Opening up the debate, we have seen some great football exhibited at the Liberty Stadium and some highly effective percentage play at Stoke and Sunderland. The Potters have transported this style, with a degree of success, into the Europa League, proving also that our continental brethren ‘don’t like it up em’. Is that football better or more effective than the brand played at Lecce or Osasuna? Beauty is in the eye of the beholder. Whatever its merits, he physical, high-tempo nature that has long typified our play both at home and abroad appears to have run out of steam, or simply the rest have grown wise to it. Napoli’s fluid style combines kamikaze defending with speedy counter attacks, tearing up the clichés that hang heavy around the neck of Italian football. This tactical shift gives problems to English sides more used to allowing European opponents time on the ball, only to punish them on the break.

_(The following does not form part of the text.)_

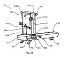 FIGS. 20-24 illustrate several exemplary alternate embodiments of the invention.FIG. 20 is a perspective view of an alternate embodiment of the invention having a pushingbar16C, rather than two separate pushinghandles16A,16B, pivotally connected to bothconsole arms212A,212B. In this embodiment, user US pushes on pushingbar16C, which activatesresistance mechanism300. This embodiment can comprise a simplified cable and pulley configuration. As shown,main cable302 can attach directly to pushingarm14, loop over a singledirectional pulley306 and then connect directly tocable attachment313. Thus, pushing the pushingbar16C, a direct cable connection is made tomoment arm314 without the need for liftingpulley308 orsecondary cable326. A liftingpulley308 andsecondary cable326 can be used if desired to step down the effect of pushingbar16C. Additionally, a separate attachment ofmain cable302 to a second pushingarm14B is unnecessary. Similarly, an accessory configured like pushingbar16C can be supplied, which accessory can fit over pushinghandles16A,16B and act as pushingbar16C.

If being ‘the best’ means highly competitive football then the EPL still stands astride the rest. The Bundesliga runs it close but the unpredictable nature of the results on any weekend continues to make it the most captivating league around. Even with the Manchester clubs romping away, no result is a given. Each fixture is, with a few notable exceptions, hard fought, and both physically and emotionally draining for the players. The best sides no longer appear to have the quality to compete with the very best sides in Europe and that fact is being reaffirmed week on week at home. No longer are the ‘Big Six’ able to rest their players for ‘home bankers’ on a Saturday for the crunch UCL group stage match on a Tuesday evening. Each and every point is vital, forcing managers to either rotate or field heavy legged players in those crucial encounters.

The slight dip in quality at the pinnacle of the EPL and the steady improvement of teams lower down (and don’t forget the Championship too) has contributed to a much stronger league as a whole. This strength has, in turn, produced weaker entrants into European competition. Barca and Real Madrid, for example, hold such supremacy in Spain that a game played only in second gear can still yield three points. There are other reasons too. Many of the great players with Champions League pedigree are ageing, no longer the force they once were. The bigger clubs are cutting costs and looking longer term with their transfer policy with only City bucking the downsizing trend.

Is the Premier League still the best? Only just. The football is exciting and competitive and quite rightly still attracts huge global audiences. Germany and Italy are on the march, the former making giant strides in recent years, and even teams from the so-called ‘lesser leagues’ are enjoying success against the top teams (Ajax, Basle, Sporting Lisbon). If complacency sets in, standards will slip further.

The EPL holds the throne, but it is not sitting comfortably.